The entity might also be subject to the Open Meetings Act, depending on factors such as the circumstances of its involvement with the government body, its authority and its structure, the AG said.
State Sen. Mike Bell, R-Riceville, said he requested the opinion because some constituents were concerned about the transparency of the search to fill the Cleveland City School’s director position. The school board hired the Tennessee School Boards Association to conduct the search. It recommended five candidates from 19 who applied, but only the five names were made public.
Whether third parties, including but not limited to the Tennessee School Board Association and the Tennessee Organization of School Superintendents, hired by school boards to conduct searches for directors of schools, are subject to the Tennessee Open Meetings Act, Tenn. Code Ann. 8-44-101 – 108 and the Tennessee Public Records Act, Tenn. Code Ann. 10-7-501 – 516.
Attorney General Herbert H. Slatery III said yes to the public records act question, basing his opinion on a specific part of statute, and noted an appellate decision that raises the possibility that some third parties who are delegated official responsibilities may also be subject to the Open Meetings Act.
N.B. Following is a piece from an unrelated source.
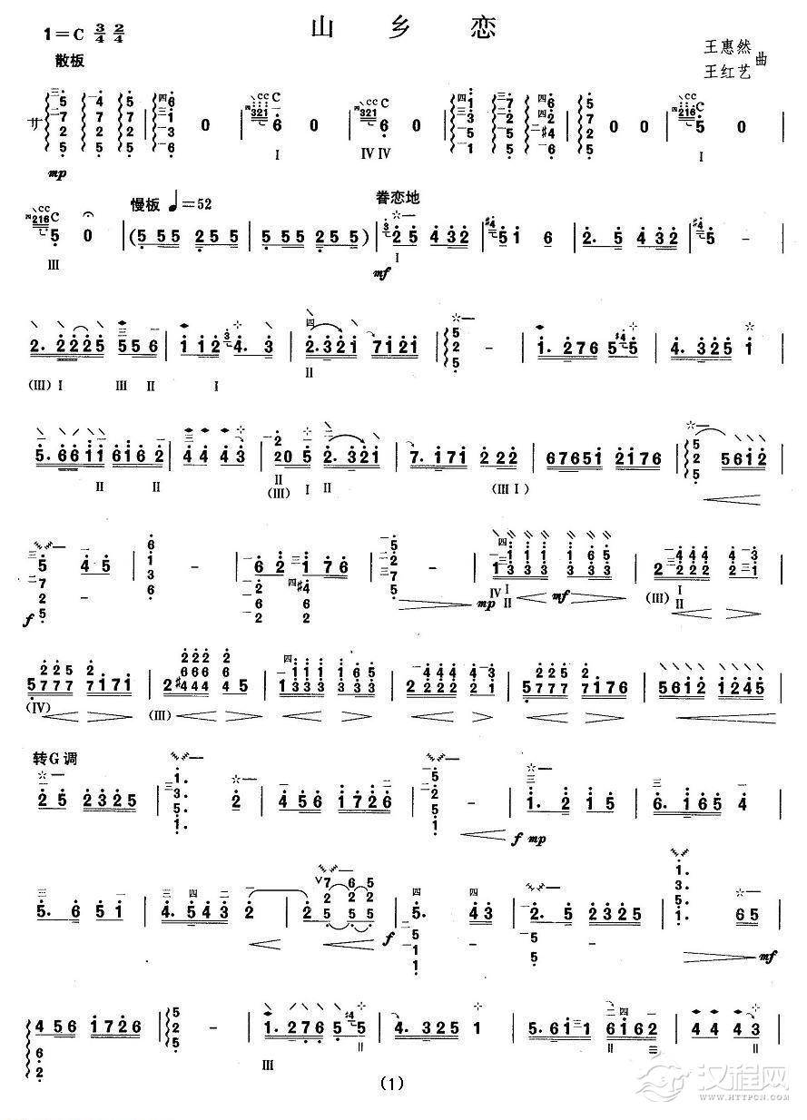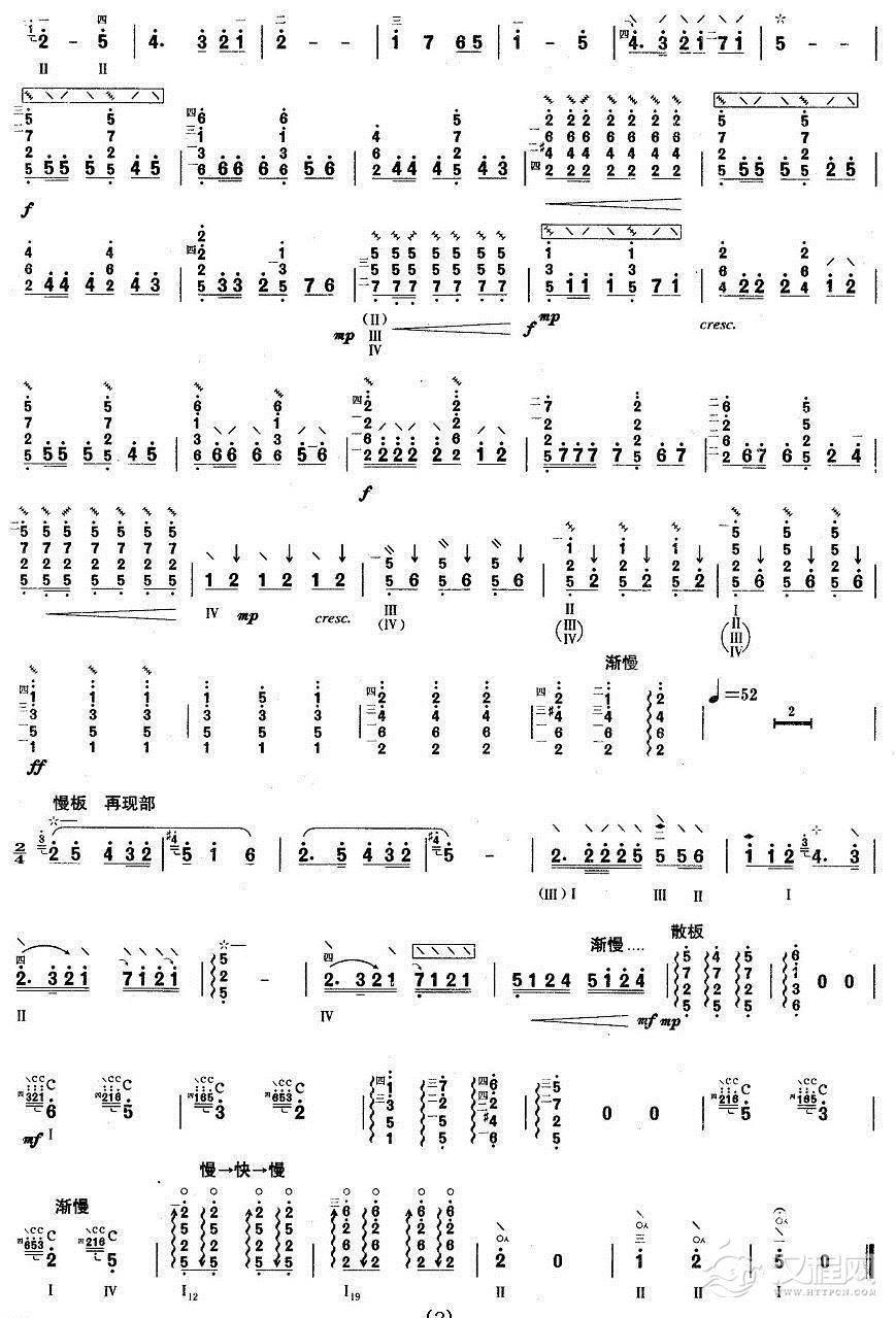 曲谱大全柳琴考级曲谱【柳琴考级曲目六级:雨后庭院】
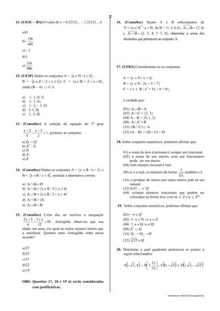 (a) O documento apresenta uma lista de exercícios de matemática com 32 questões sobre conjuntos numéricos, geometria plana e trigonometria. (b) As questões abordam tópicos como interseção e união de conjuntos, coordenadas de pontos no plano cartesiano, simetria, arcos trigonométricos e identidades trigonométricas. (c) Há também exercícios propostos envolvendo funções trigonométricas como seno, cosseno e tangente.

Slatery said the records were open based on T.C.A. 10-7-503 (f), which states:
[a]ll records, employment applications, credentials and similar documents obtained by any person in conjunction with an employment search for a director of schools or any chief public administrative officer shall at all times, during business hours, be open for personal inspection by any citizen of Tennessee, and those in charge of such records shall not refuse such right of inspection to any citizen, unless otherwise provided by state law. For the purposes of this subjection (f), the term “person” includes a natural person, corporation, firm, company, association or any other business entity.
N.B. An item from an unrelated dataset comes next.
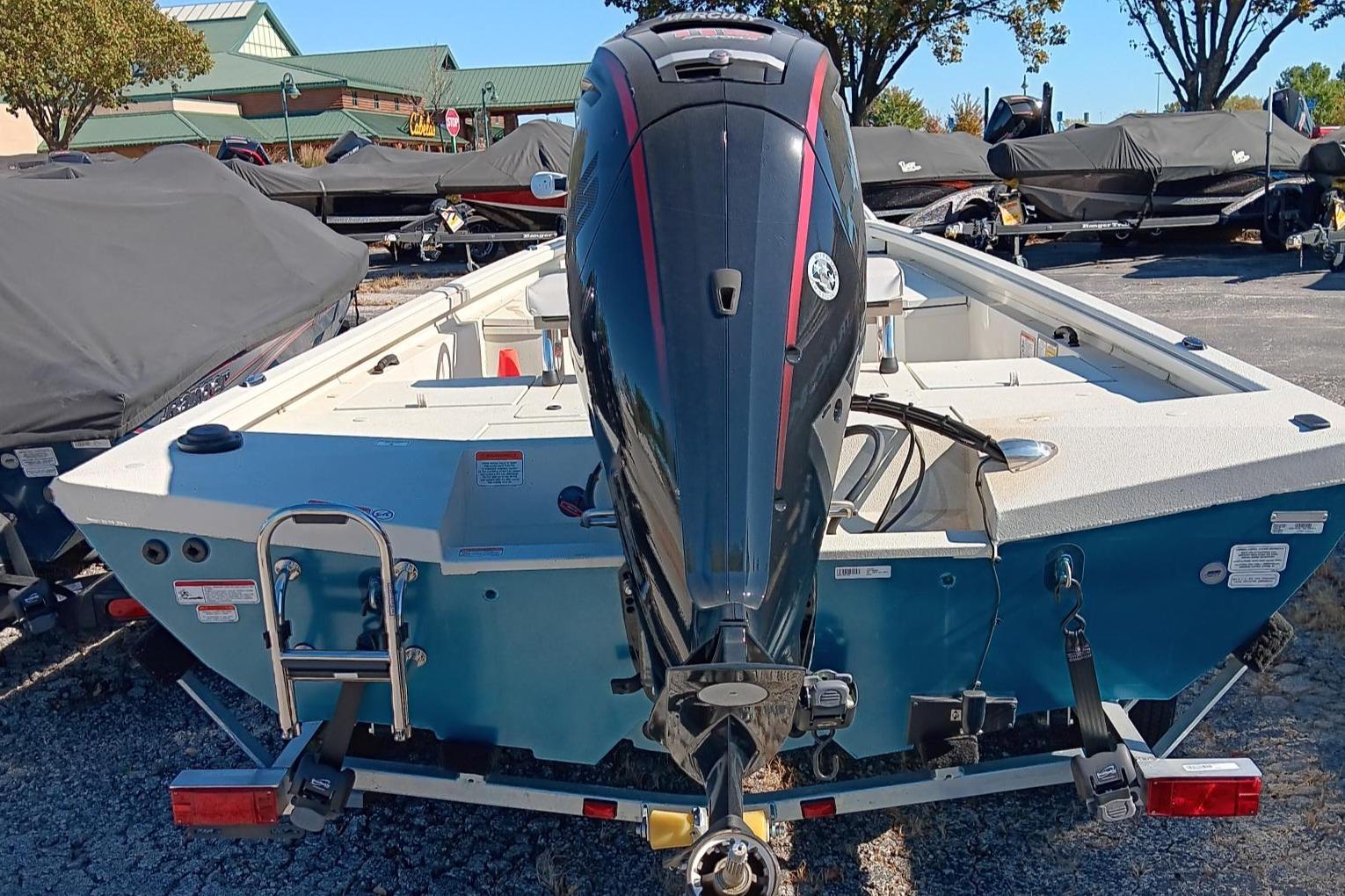 Built for bayous, bays and backwaters, the Ranger® RB190 is a shallow-drafting workhorse that’s ready to take on inshore species with saltwater-savvy touches from the all-aluminum trailer to the grippy, easy-to-clean Rawhide™ interior coating and pad-bottom hull for a smooth ride and responsive handling. Dual rear jump seats add deck space when down or seating when up and a padded driver’s leaning post flips down to expose a livewell that’ll accommodate tournament-size reds. The wide, stable and shallow-drafting design complements the 115-horsepower rating and slices through chop with nimble and economical performance. BayStar® hydraulic steering and a binnacle-mount throttle on the fiberglass console keep you confidently in command. Huge gear storages, twin 8-foot rod boxes and integrated cup and tool holders accentuate the angler-friendly layout and make days on the water easy in this lake, bay and backwater master.

Additionally, he said, “if the third party is one whose ‘origin and authority may be traced to state, city or county legislative action,’ then the meetings of the third party are subject to the Open Meetings Act.” Additionally, he said an appellate court held in 1998 in Souder v. Health Partners, Inc. that “subsidiaries to which municipal corporations have delegated their official responsibilities and authority are subject to the Open Meetings Act.”
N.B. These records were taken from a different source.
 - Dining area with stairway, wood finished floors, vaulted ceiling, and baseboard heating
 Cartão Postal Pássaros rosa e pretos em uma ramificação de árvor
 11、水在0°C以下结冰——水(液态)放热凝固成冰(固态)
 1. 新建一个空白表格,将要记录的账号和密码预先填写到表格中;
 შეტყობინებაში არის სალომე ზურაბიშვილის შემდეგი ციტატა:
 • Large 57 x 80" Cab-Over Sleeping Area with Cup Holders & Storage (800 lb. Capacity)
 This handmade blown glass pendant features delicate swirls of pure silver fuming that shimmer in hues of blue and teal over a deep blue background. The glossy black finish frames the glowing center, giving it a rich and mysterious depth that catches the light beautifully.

While the statute confines the Open Meetings Act to a governing body and a public body, the Souder case raises the possibility that the Act may apply in certain circumstances to a third party to whom the public body or governing body has delegated its official responsibilities and authority. Whether there has been such a delegation that might trigger the requirements of the Act in any given circumstance will depend on the particular facts and the totality of the circumstances of the third party’s involvement, its organizational structure and origin, and its relationship with the governing body.